● **WHAT YOU ARE ASKED TO DO**:
Word-for-word transcription needed. Include every entry below but no pictures.

:: INPUT MATERIAL ::

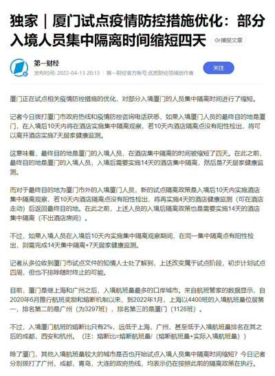 然而,昨天晚上依然看到了厦门试点缩短入境隔离时间的正式报道,入境隔离时间从“14+7”缩短为“10+4”(10天隔离4天健康监测):
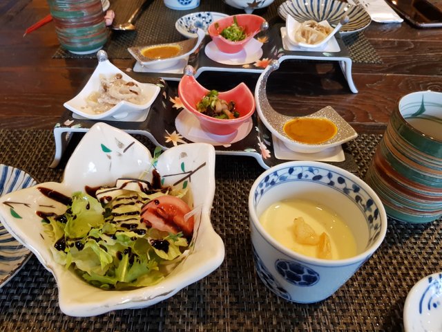 에피타이저로 셀러드와 함께 새우 전복 등이 들어간 계란찜 도미 등 2가지 생선의 껍질요리 고노와다가 나왔습니다. 개인적으로 비린것을 정말 못먹는데 신선한 고노와다는 잘 먹습니다. 고노와다 향이 역겨운 비린내가 아니라 일반적으로 이야기하는 바다의 향기 같습니다. 물론 광안리 바닷가에서 평생을 살아온 저에게 바다의 향기는 비린내에 더욱 가깝습니다. 참고로 고노와다는 해삼 내장입니다.
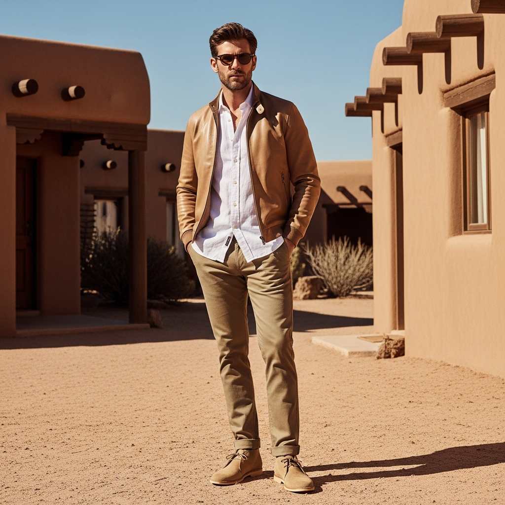 A tan or sand-colored leather jacket in bomber or trucker style over a white linen shirt, paired with khaki chinos and tan suede desert boots. This light, earthy palette creates a sophisticated spring or early fall look that feels fresh and unexpected.
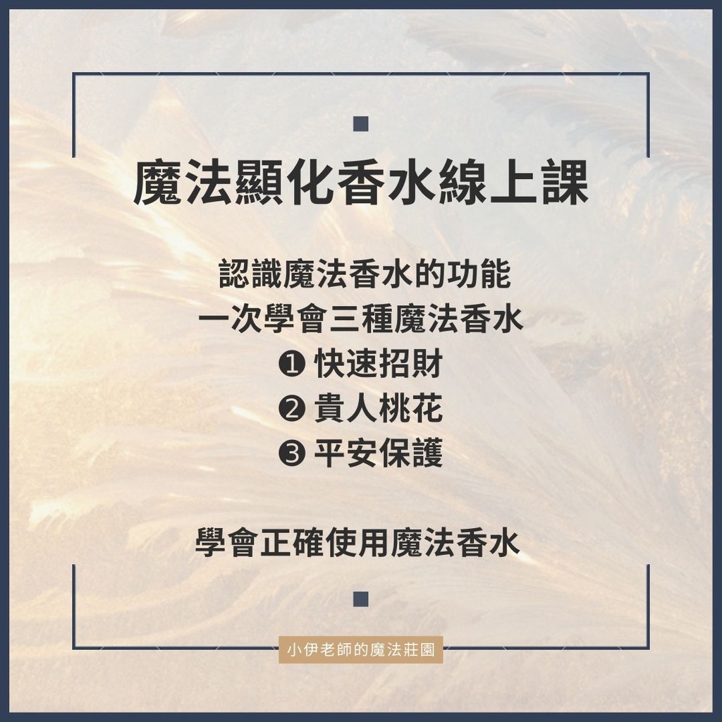 小伊水晶香氛莊園|魔法香水線上課程|C03 招財|桃花|平安|迅速顯化作用
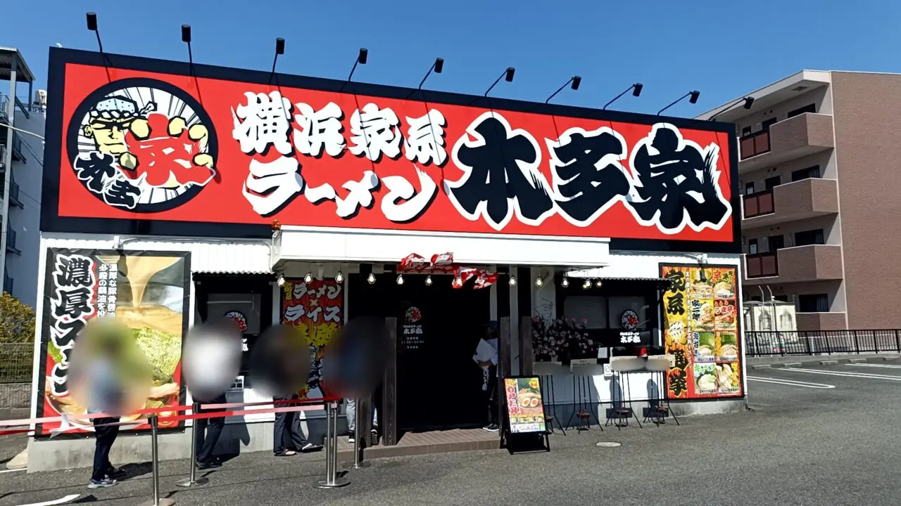 2026年4月15日、桑名市大福に新しくオープンした『横浜家系ラーメン 本多家』を訪れました♪赤い大きな看板が目印で、すでに多くのお客さんで賑わっていました。
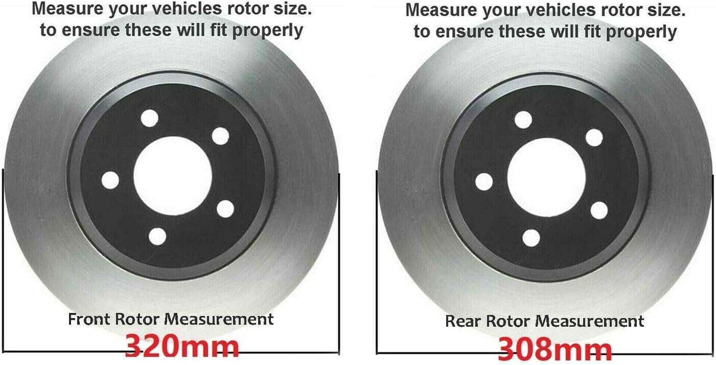 Brake Kit Includes: 4x Front & Rear Disc Brake Rotors + 4x Front & Rear Ceramic Pads + 2x Brake Cleaner & Fluid
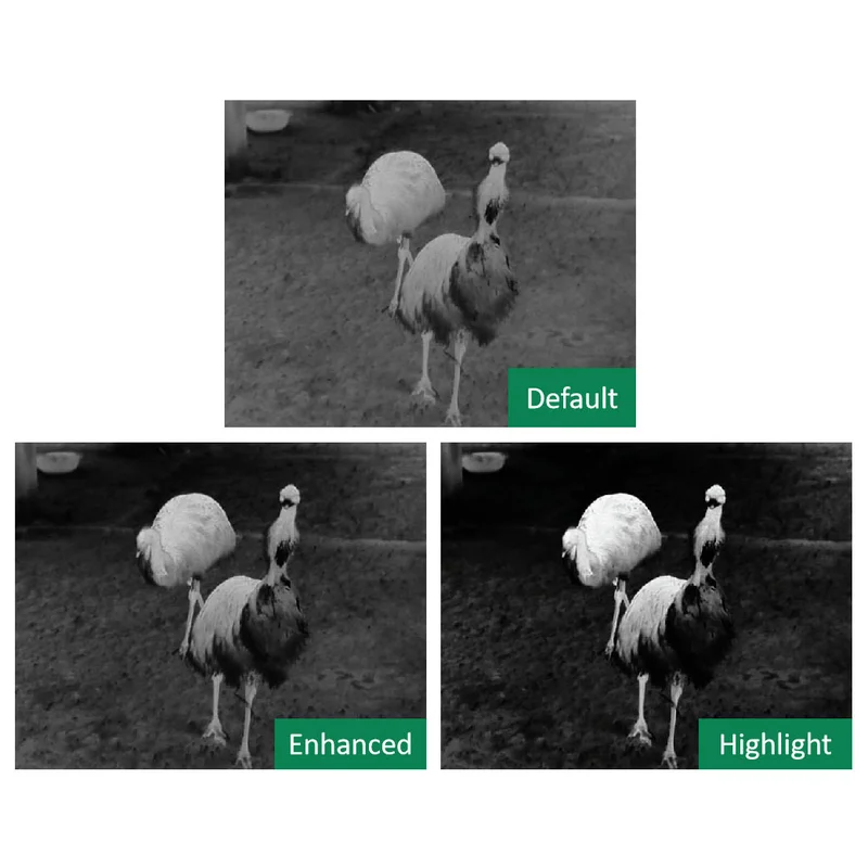 Помимо предустановленных цветовых палитр, пользователь может выбирать еще режимы контрастности изображения: Enhanced / Highlight / Default. Смена режимов выполняется простым нажатием на кнопку, позволяя вам быстро подобрать подходящий вариант.
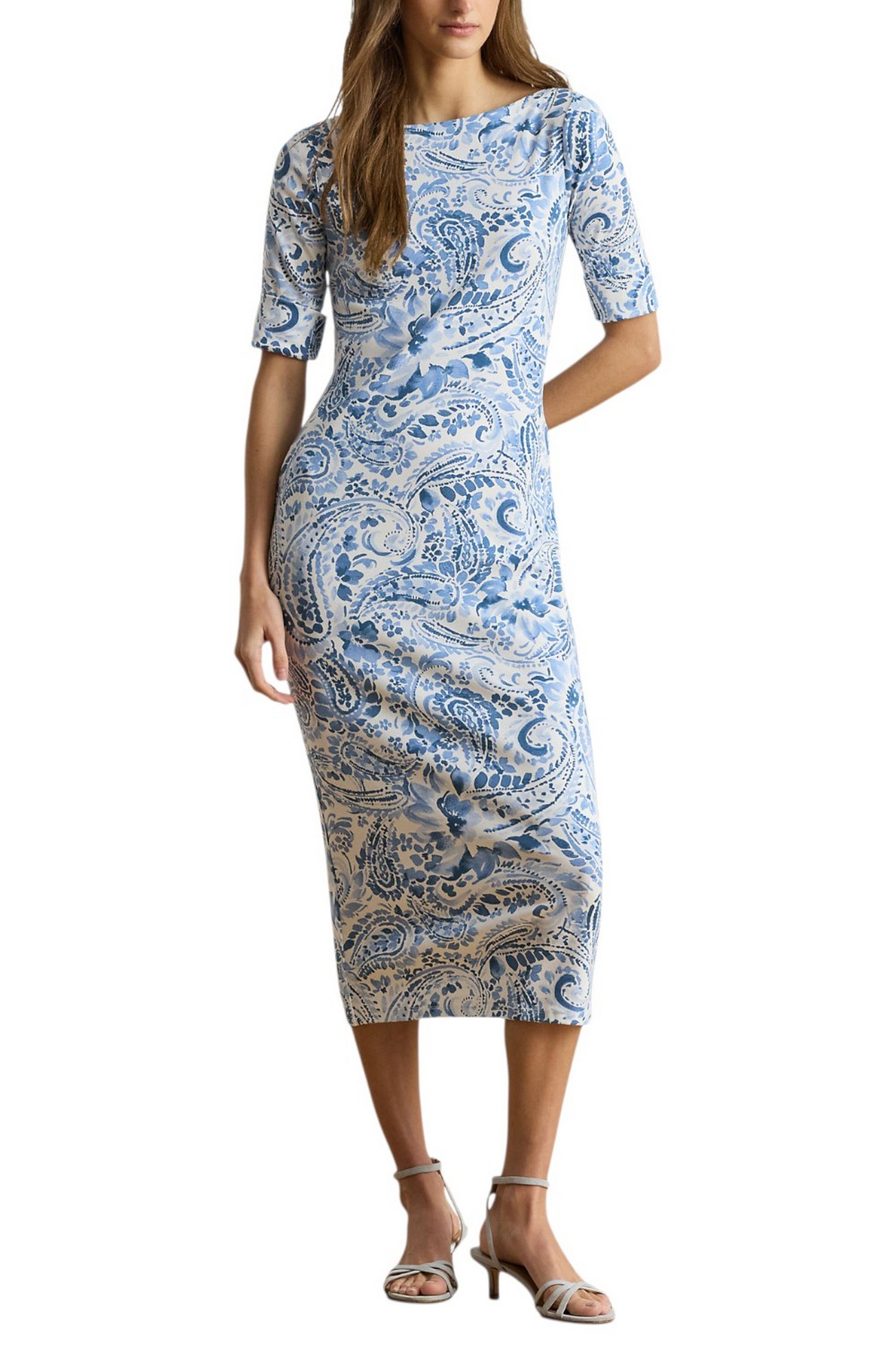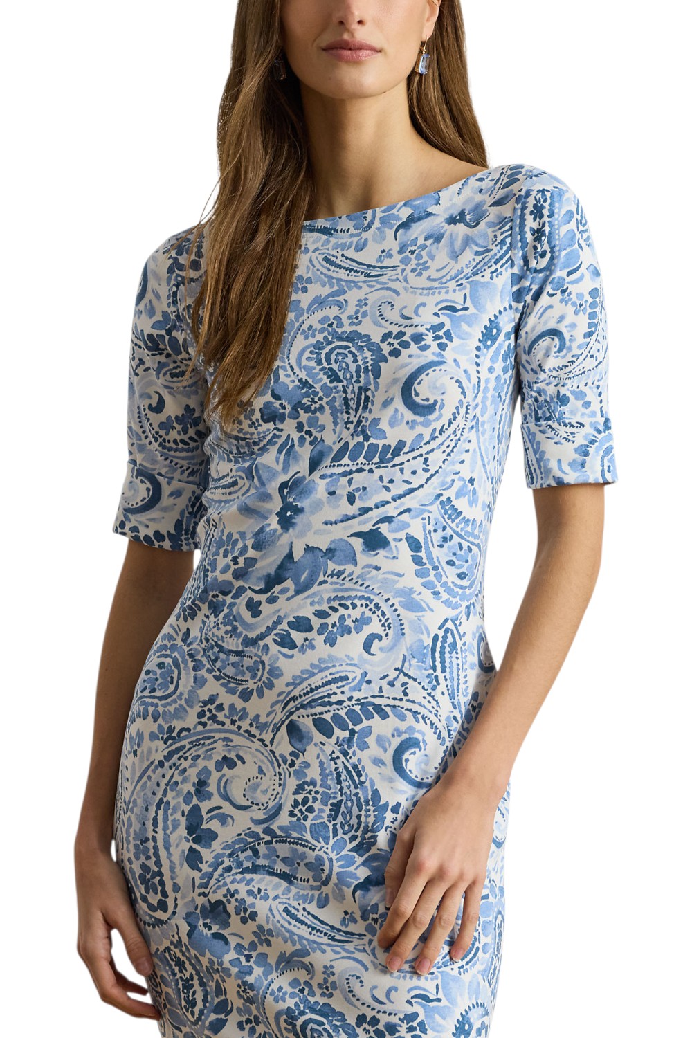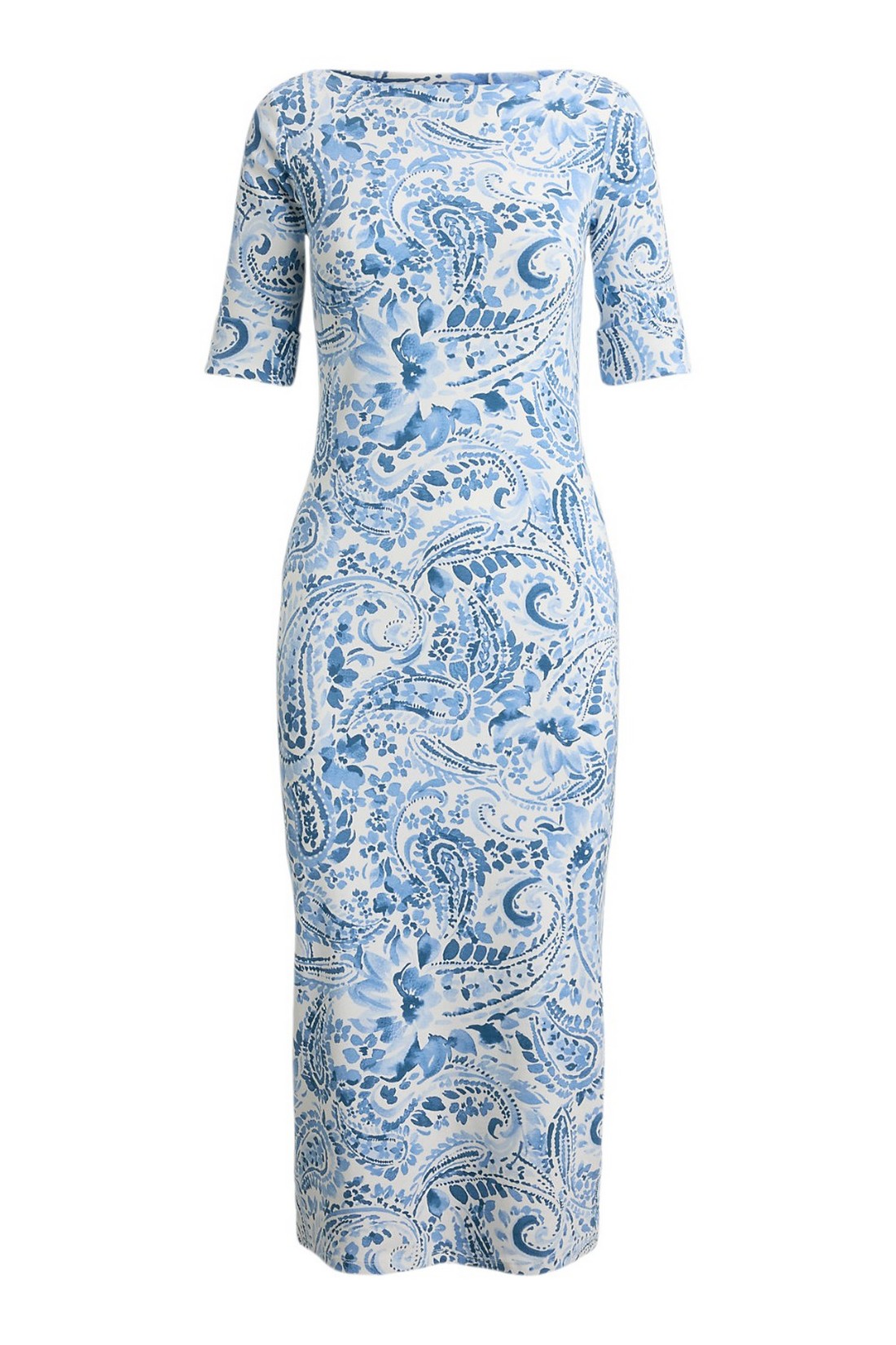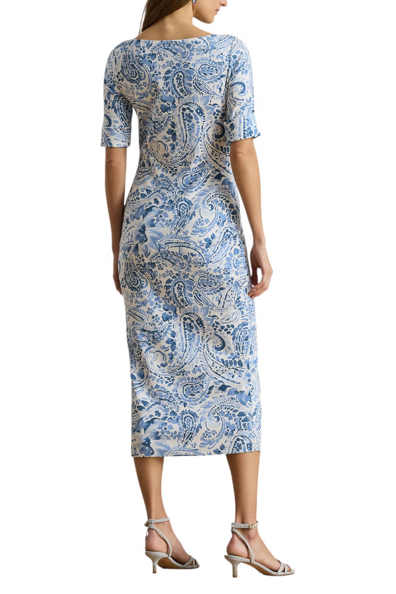 Abito di Ralph Laure realizzato in cotone elasticizzato a costine, midi con scollo a barchetta presenta un design aderente e il motivo paisley blu e bianco tipico della stagione. Vestibilità aderente. Lunghezza media al polpaccio. La taglia media ha una lunghezza del corpo di 116 cm e una lunghezza delle maniche di 28 cm. La lunghezza dell'abito è misurata dal punto più alto della spalla e varia di 1,3 cm tra una taglia e l'altra. La lunghezza delle maniche varia di 0,6 cm tra una taglia e l'altra. Scollo a barchetta. Modello da infilare. Maniche al gomito con polsini ripiegati. Sfoderato. 94% cotone, 6% elastan. Lavabile in lavatrice o a secco. Importato. La modella è alta 178 cm e indossa una taglia S.

:::

● **TASK RESPONSE**:
 然而,昨天晚上依然看到了厦门试点缩短入境隔离时间的正式报道,入境隔离时间从“14+7”缩短为“10+4”(10天隔离4天健康监测):
 에피타이저로 셀러드와 함께 새우 전복 등이 들어간 계란찜 도미 등 2가지 생선의 껍질요리 고노와다가 나왔습니다. 개인적으로 비린것을 정말 못먹는데 신선한 고노와다는 잘 먹습니다. 고노와다 향이 역겨운 비린내가 아니라 일반적으로 이야기하는 바다의 향기 같습니다. 물론 광안리 바닷가에서 평생을 살아온 저에게 바다의 향기는 비린내에 더욱 가깝습니다. 참고로 고노와다는 해삼 내장입니다.
 A tan or sand-colored leather jacket in bomber or trucker style over a white linen shirt, paired with khaki chinos and tan suede desert boots. This light, earthy palette creates a sophisticated spring or early fall look that feels fresh and unexpected.
 小伊水晶香氛莊園|魔法香水線上課程|C03 招財|桃花|平安|迅速顯化作用
 2026年4月15日、桑名市大福に新しくオープンした『横浜家系ラーメン 本多家』を訪れました♪赤い大きな看板が目印で、すでに多くのお客さんで賑わっていました。
 Brake Kit Includes: 4x Front & Rear Disc Brake Rotors + 4x Front & Rear Ceramic Pads + 2x Brake Cleaner & Fluid
 Помимо предустановленных цветовых палитр, пользователь может выбирать еще режимы контрастности изображения: Enhanced / Highlight / Default. Смена режимов выполняется простым нажатием на кнопку, позволяя вам быстро подобрать подходящий вариант.
 Abito di Ralph Laure realizzato in cotone elasticizzato a costine, midi con scollo a barchetta presenta un design aderente e il motivo paisley blu e bianco tipico della stagione. Vestibilità aderente. Lunghezza media al polpaccio. La taglia media ha una lunghezza del corpo di 116 cm e una lunghezza delle maniche di 28 cm. La lunghezza dell'abito è misurata dal punto più alto della spalla e varia di 1,3 cm tra una taglia e l'altra. La lunghezza delle maniche varia di 0,6 cm tra una taglia e l'altra. Scollo a barchetta. Modello da infilare. Maniche al gomito con polsini ripiegati. Sfoderato. 94% cotone, 6% elastan. Lavabile in lavatrice o a secco. Importato. La modella è alta 178 cm e indossa una taglia S.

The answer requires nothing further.